─── INPUT DATA ───
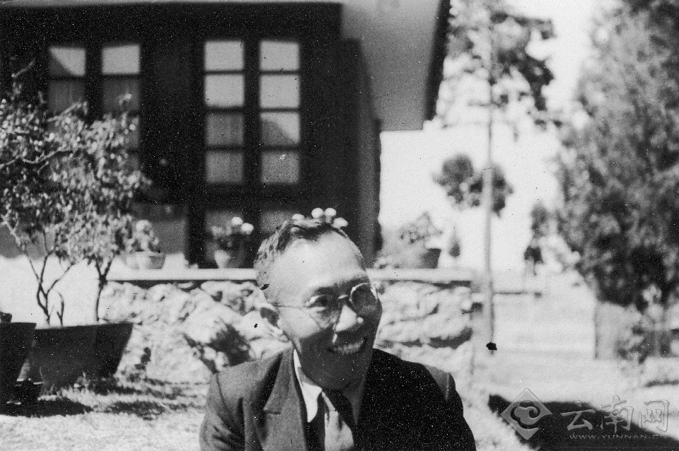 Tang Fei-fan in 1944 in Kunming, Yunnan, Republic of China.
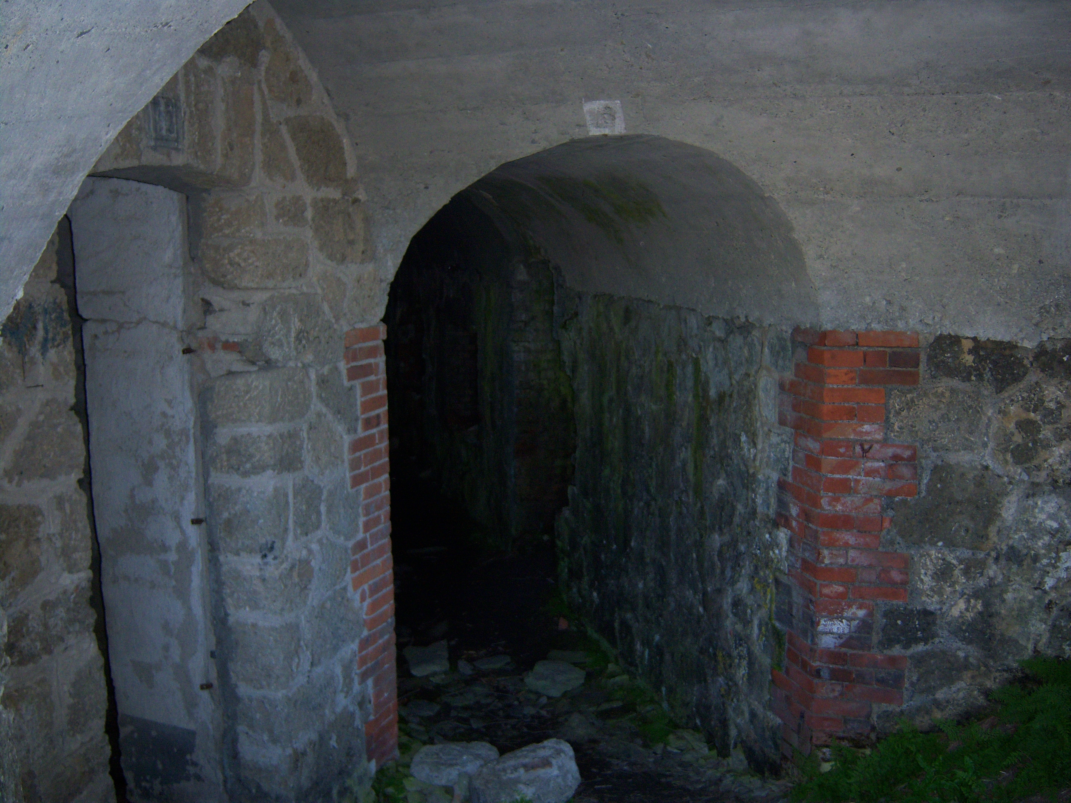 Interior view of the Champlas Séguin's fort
───
─── INPUT DATA ───
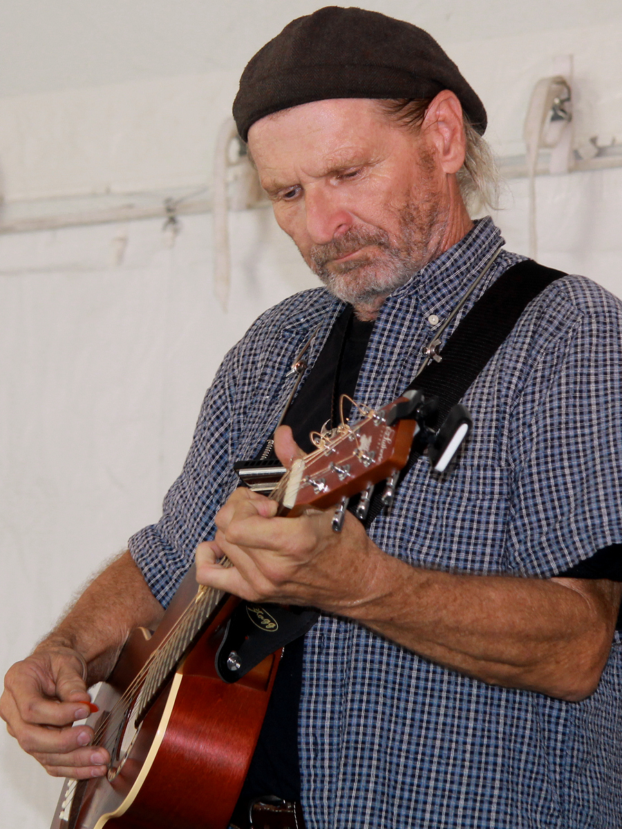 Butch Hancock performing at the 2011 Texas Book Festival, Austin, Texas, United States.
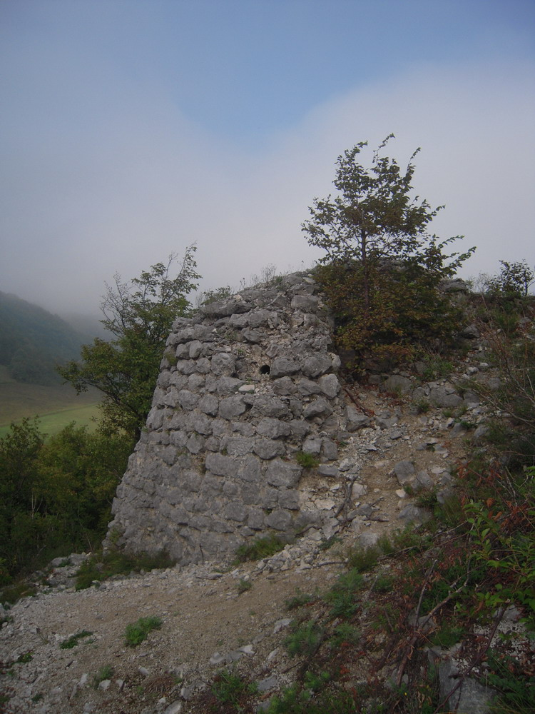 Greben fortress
───
# [WORK INSTRUCTIONS]
Exercise for the records above: copy only the lines from the one with "Butch Hancock performing" to the one with "Greben fortress", both ends kept, and drop the pictures.

# [COMPLETED TASK]
 Butch Hancock performing at the 2011 Texas Book Festival, Austin, Texas, United States.
 Greben fortress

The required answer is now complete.